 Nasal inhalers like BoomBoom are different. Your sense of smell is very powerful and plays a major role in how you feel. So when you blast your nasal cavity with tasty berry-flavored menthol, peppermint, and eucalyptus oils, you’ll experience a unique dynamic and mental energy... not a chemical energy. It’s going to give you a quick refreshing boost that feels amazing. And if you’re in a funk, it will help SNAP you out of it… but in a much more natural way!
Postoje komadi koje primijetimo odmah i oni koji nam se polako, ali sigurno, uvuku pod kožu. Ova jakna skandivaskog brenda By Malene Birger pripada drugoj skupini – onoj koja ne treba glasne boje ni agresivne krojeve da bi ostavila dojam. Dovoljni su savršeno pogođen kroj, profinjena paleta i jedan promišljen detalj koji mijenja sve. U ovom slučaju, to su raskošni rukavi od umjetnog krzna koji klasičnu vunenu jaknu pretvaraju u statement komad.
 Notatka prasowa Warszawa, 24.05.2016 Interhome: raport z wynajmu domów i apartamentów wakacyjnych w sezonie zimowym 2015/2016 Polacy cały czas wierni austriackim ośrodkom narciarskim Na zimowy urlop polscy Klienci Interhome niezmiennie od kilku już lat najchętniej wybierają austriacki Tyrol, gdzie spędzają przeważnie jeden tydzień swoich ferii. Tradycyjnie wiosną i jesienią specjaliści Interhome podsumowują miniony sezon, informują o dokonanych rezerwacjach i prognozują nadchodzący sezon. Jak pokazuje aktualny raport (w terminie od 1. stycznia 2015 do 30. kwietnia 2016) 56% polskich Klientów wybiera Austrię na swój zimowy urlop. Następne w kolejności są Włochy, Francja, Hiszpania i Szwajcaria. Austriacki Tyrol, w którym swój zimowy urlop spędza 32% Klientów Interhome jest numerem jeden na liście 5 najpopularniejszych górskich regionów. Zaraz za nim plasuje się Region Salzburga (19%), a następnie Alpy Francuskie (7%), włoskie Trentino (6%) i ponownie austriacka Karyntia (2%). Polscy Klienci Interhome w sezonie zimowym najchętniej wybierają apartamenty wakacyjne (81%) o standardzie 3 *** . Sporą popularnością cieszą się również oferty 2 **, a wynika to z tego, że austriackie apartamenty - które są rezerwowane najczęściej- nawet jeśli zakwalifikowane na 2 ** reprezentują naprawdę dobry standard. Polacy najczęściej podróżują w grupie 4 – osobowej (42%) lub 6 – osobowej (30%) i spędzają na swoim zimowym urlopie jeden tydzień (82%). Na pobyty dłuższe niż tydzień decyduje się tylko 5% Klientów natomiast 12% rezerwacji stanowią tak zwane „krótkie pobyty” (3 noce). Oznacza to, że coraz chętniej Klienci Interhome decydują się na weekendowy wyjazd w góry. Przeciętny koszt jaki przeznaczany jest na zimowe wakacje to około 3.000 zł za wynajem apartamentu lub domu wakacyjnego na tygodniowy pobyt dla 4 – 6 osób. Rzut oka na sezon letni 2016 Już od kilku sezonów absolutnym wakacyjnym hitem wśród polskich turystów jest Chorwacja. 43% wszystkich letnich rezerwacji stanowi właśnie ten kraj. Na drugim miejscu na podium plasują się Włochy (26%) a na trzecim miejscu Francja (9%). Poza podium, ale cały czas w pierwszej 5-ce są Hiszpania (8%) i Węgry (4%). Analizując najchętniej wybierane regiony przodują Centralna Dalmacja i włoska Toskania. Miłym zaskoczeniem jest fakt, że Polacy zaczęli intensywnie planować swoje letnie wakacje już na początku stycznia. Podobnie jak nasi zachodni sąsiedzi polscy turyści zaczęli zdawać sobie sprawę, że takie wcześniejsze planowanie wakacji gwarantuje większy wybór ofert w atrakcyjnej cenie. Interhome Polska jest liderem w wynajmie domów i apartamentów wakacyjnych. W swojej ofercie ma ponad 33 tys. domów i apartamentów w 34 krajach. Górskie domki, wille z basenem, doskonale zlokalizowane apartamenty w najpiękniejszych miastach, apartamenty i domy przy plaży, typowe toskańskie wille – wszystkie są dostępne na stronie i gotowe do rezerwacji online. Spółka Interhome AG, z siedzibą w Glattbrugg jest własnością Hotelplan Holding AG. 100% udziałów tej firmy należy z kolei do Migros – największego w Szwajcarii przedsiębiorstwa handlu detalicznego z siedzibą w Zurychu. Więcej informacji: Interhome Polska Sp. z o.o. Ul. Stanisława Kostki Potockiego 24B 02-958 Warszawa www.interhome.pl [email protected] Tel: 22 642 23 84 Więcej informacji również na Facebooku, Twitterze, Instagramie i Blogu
---
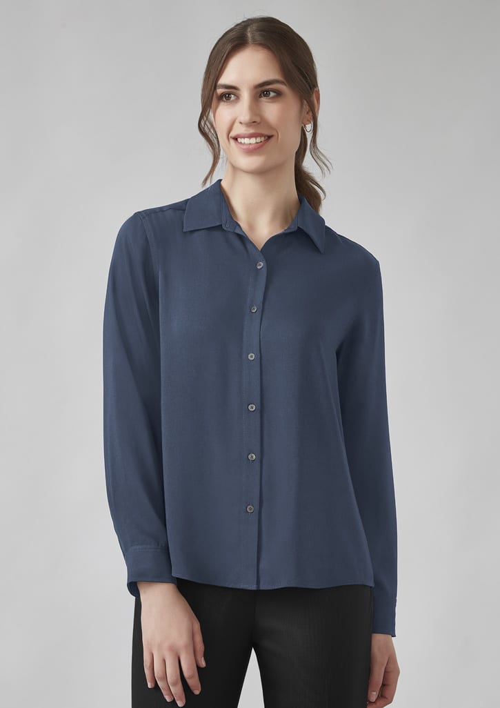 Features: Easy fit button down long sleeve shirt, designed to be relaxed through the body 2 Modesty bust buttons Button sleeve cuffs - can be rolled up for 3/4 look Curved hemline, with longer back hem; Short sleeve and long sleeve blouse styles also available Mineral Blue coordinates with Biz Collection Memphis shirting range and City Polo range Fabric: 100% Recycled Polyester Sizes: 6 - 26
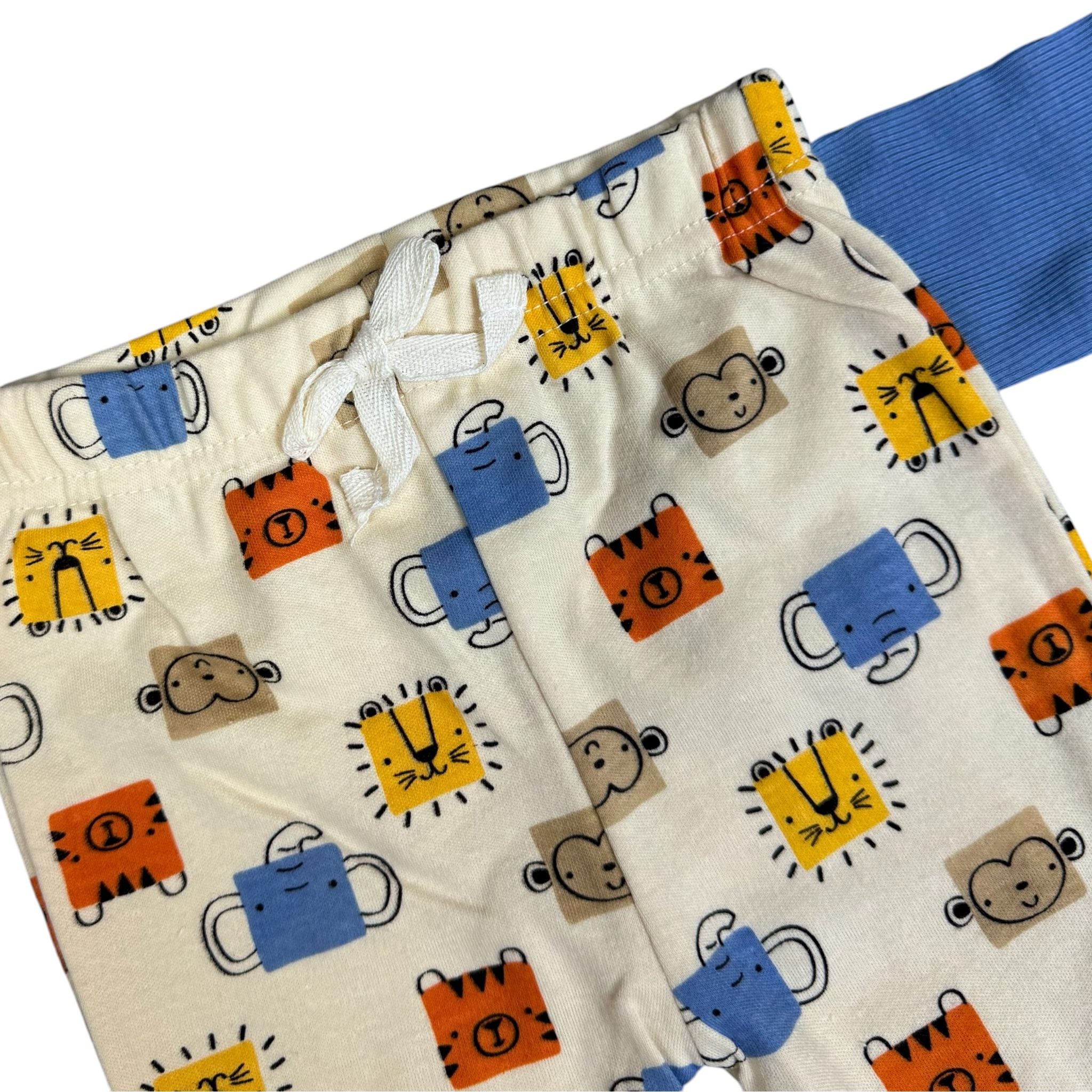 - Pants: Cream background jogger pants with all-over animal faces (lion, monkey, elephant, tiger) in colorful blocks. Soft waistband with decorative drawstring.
...
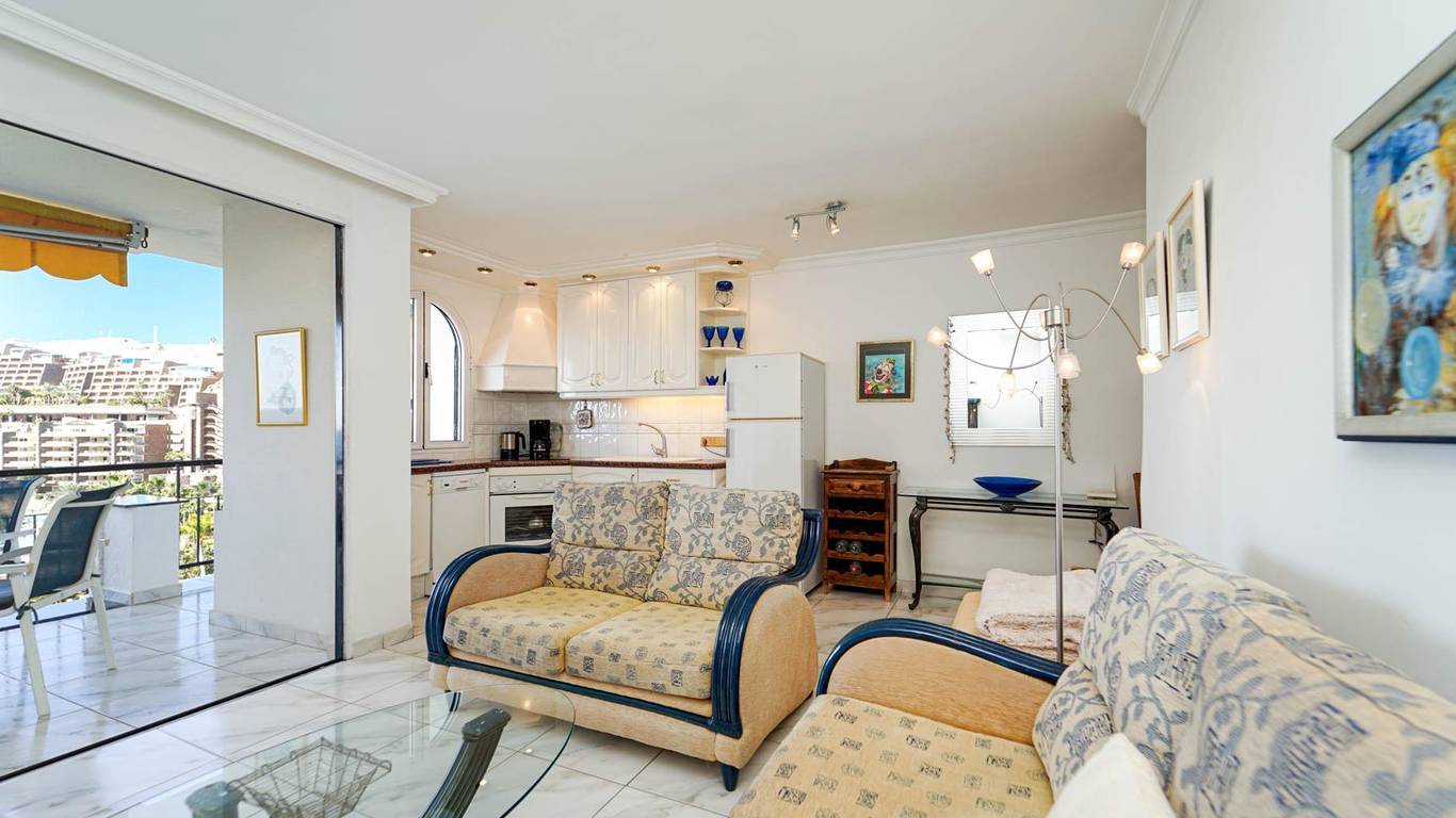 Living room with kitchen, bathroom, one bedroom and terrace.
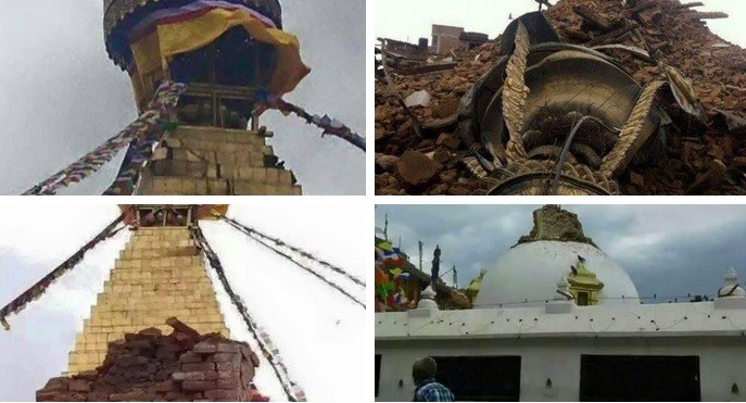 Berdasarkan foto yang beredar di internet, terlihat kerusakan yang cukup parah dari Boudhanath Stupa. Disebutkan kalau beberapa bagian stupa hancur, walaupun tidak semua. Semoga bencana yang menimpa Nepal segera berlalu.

▶ [Assignment] Within the listing above, locate the line containing "Nasal inhalers like" and the line containing "Postoje komadi koje". Reproduce those two lines and all lines between them exactly, with nothing added.

▶ [Expected output]
 Nasal inhalers like BoomBoom are different. Your sense of smell is very powerful and plays a major role in how you feel. So when you blast your nasal cavity with tasty berry-flavored menthol, peppermint, and eucalyptus oils, you’ll experience a unique dynamic and mental energy... not a chemical energy. It’s going to give you a quick refreshing boost that feels amazing. And if you’re in a funk, it will help SNAP you out of it… but in a much more natural way!
Postoje komadi koje primijetimo odmah i oni koji nam se polako, ali sigurno, uvuku pod kožu. Ova jakna skandivaskog brenda By Malene Birger pripada drugoj skupini – onoj koja ne treba glasne boje ni agresivne krojeve da bi ostavila dojam. Dovoljni su savršeno pogođen kroj, profinjena paleta i jedan promišljen detalj koji mijenja sve. U ovom slučaju, to su raskošni rukavi od umjetnog krzna koji klasičnu vunenu jaknu pretvaraju u statement komad.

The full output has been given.